§ Dataset:
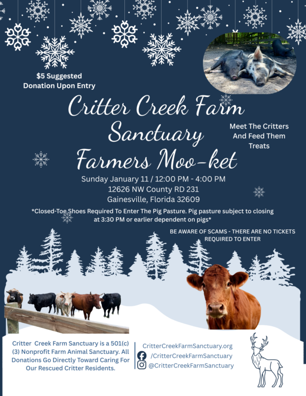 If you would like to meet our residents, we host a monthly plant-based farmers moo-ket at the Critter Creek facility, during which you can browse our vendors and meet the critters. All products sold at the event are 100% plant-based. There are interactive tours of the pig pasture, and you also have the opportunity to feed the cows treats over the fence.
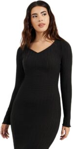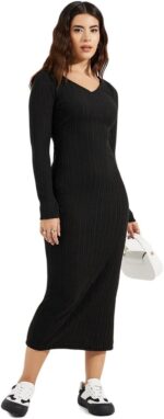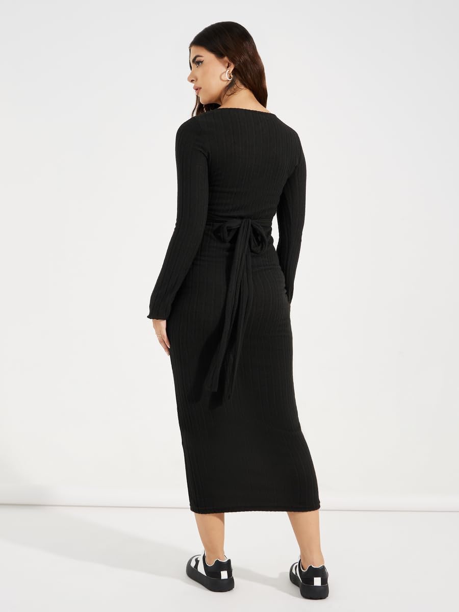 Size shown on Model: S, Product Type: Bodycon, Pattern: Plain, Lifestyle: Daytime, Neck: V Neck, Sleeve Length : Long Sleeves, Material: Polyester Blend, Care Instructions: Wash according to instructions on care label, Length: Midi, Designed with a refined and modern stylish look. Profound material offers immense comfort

--

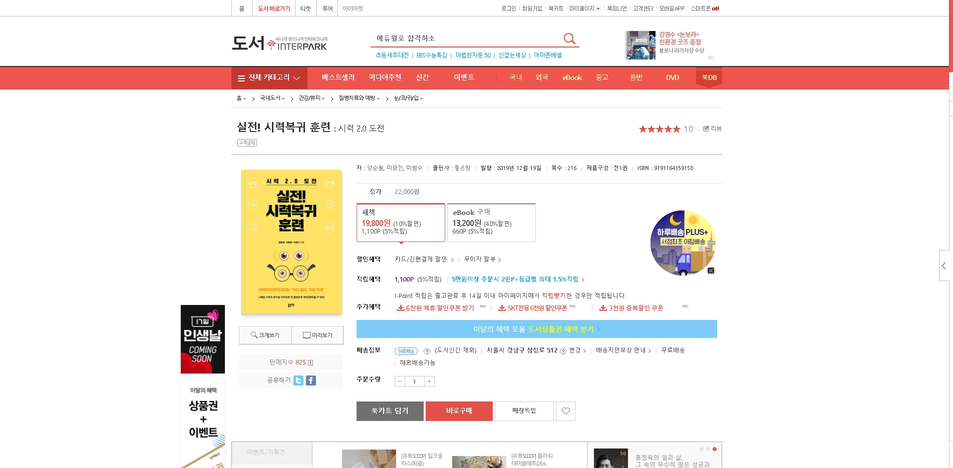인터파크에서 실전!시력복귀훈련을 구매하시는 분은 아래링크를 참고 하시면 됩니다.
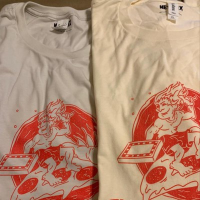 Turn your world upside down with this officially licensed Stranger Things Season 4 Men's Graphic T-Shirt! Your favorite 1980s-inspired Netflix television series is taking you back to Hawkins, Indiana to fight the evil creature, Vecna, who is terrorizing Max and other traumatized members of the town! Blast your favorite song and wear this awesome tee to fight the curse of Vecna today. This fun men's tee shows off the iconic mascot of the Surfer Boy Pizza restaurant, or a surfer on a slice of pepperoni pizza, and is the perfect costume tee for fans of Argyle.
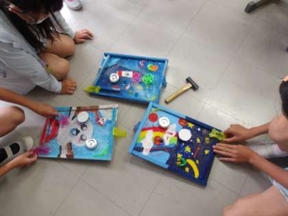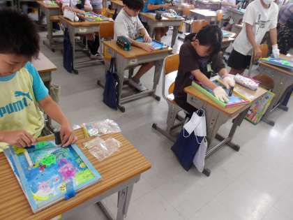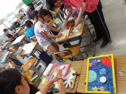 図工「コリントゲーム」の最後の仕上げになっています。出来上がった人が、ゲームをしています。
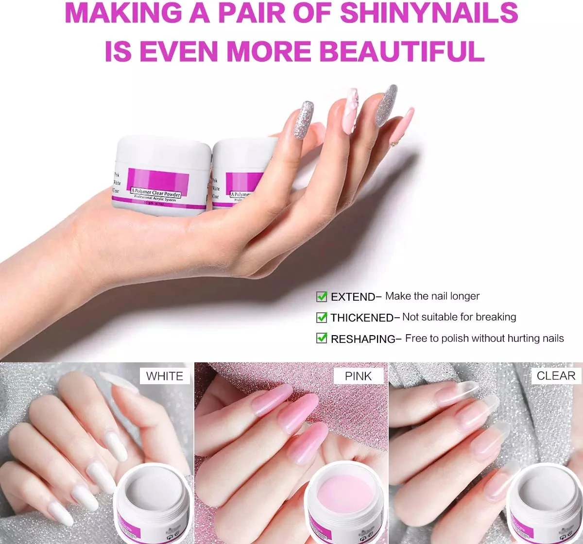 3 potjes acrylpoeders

§ To do: The stretch above running from the line with "Turn your world" through the line with "3 potjes acrylpoeders" is all you should copy, exactly, leaving out the pictures.

§ Reply:
 Turn your world upside down with this officially licensed Stranger Things Season 4 Men's Graphic T-Shirt! Your favorite 1980s-inspired Netflix television series is taking you back to Hawkins, Indiana to fight the evil creature, Vecna, who is terrorizing Max and other traumatized members of the town! Blast your favorite song and wear this awesome tee to fight the curse of Vecna today. This fun men's tee shows off the iconic mascot of the Surfer Boy Pizza restaurant, or a surfer on a slice of pepperoni pizza, and is the perfect costume tee for fans of Argyle.
 図工「コリントゲーム」の最後の仕上げになっています。出来上がった人が、ゲームをしています。
 3 potjes acrylpoeders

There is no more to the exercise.